1.3. Assumptions Underlying PROMIS Sleep Disturbance Measures

The PROMIS sleep disturbance scales were developed using an item-response theory (IRT) approach, as used across the development of all the PROMIS measures. One of the primary assumptions of IRT is unidimensionality, meaning that all items in a measure reflect a single underlying latent dimension rather than multiple dimensions13. A related assumption of the IRT approach is local independence, or that each item should capture a unique aspect of the underlying construct13. Consequently, although different aspects of sleep (i.e., sleep disturbance, sleep-related impairment) were identified in the initial PROMIS validation studies, dimensionality within these sleep constructs was overlooked, and sleep disturbance has been deemed a unidimensional construct2,3,11. Yet, researchers using the different PROMIS sleep disturbance scales have found mixed results regarding dimensionality, with some finding support for unidimensionality14,15, others not finding evidence for unidimensionality12,16,17,18, and most not reporting factor analyses. Of note is that many different versions of the sleep disturbance scales were used throughout this prior work, so inconsistencies regarding dimensionality may be due to the various measurement approaches used.

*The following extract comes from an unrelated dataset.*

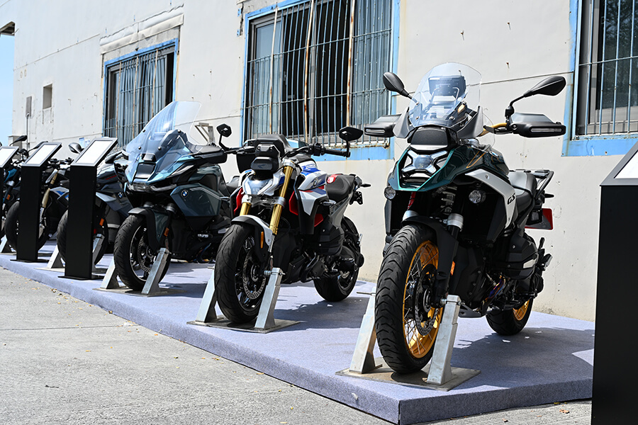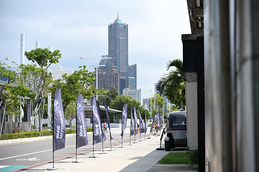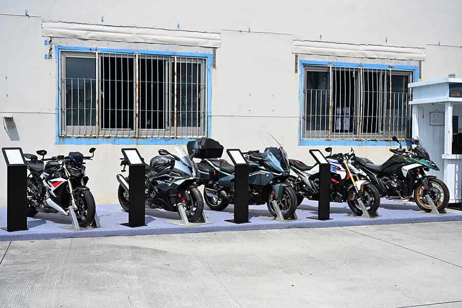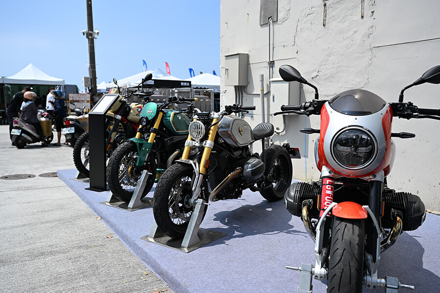即便時序已算是入秋,一早高雄的氣溫可真不是蓋的。沿著七賢二路跨過愛河,直走通過偌大的高雄港牌樓、再一個右轉穿過管制哨,一座座大港倉庫與遠方的流行音樂中心、85大樓構成一幅經典的港都風景。而這也是今天諸多BMW Motorrad車主們有志一同欲抵達的目的地。儘管大隊人馬差不多要午後才陸續抵達,我本著有神秘任務在身(任務內容待會揭曉)先一步到達會場,趁著空檔先到處都轉一番。你能看到在巨大的活動拱門下有所有最新車型一字排開,R1300GS、R1300R、R1300 RT、S1000RR、S1000R、R12 G/S……不僅如此,你還能看到在七月南港重機展時亮相、三部各自由不同改裝巨擘所精心打造的R12亦出現在展示陣容。對新車有點心動?對面就有提供多部試乘車的新車試乘區,BMW Motorrad果然周到……。

Although the PROMIS sleep disturbance 8a measure appears to be the most popular short form, we identified that 724 articles have cited Yu et al. (2012) as of March 2023 (using the Google Scholar search engine), which highlights that the 8b short form has also been extensively used in past research. Yet, a systematic literature searchf1 yielded only two published articles that examined the dimensionality of the PROMIS sleep disturbance 8b measure: Jensen et al. (2016) and Yang et al. (2022)12,19. Jensen et al.’s (2016) work with cancer patients did not find evidence that sleep disturbance was a unidimensional construct and instead proposed another custom PROMIS sleep disturbance measure – 6b12. Yang et al.’s (2022) study with chronic fatigue patients only found evidence for unidimensionality when a bi-factor model was used19. Confirmatory factor analyses (CFA) and bi-factor models are both factor analysis approaches. The primary difference between a two-factor CFA (which we use in the present study), and a bi-factor model is that a bi-factor model is a latent variable modeling approach that includes a higher-order latent construct (“general factor”) with lower-order factors, whereas a two-factor CFA provides information about the hypothesized factor structure of a construct but does not model a higher-order general factor. As such, the bi-factor model approach may be impractical given the large sample sizes required for latent variable modeling. Taken together, very little work has explored the dimensionality of the PROMIS sleep disturbance 8b measure (with no work to our knowledge in non-clinical working adult samples), presumably due to the unidimensionality assumption, which we assess in the present study.

2. The Present Study

Given the early conceptualization and evidence of the PROMIS sleep disturbance measures as being unidimensional, most researchers have assumed unidimensionality. We recognize that the PROMIS sleep disturbance measures were not designed to capture the multidimensional construct of sleep health, though we challenge this assumption by exploring whether there are additional distinguishable dimensions within the PROMIS sleep disturbance 8b measure. As such, our study makes three primary contributions.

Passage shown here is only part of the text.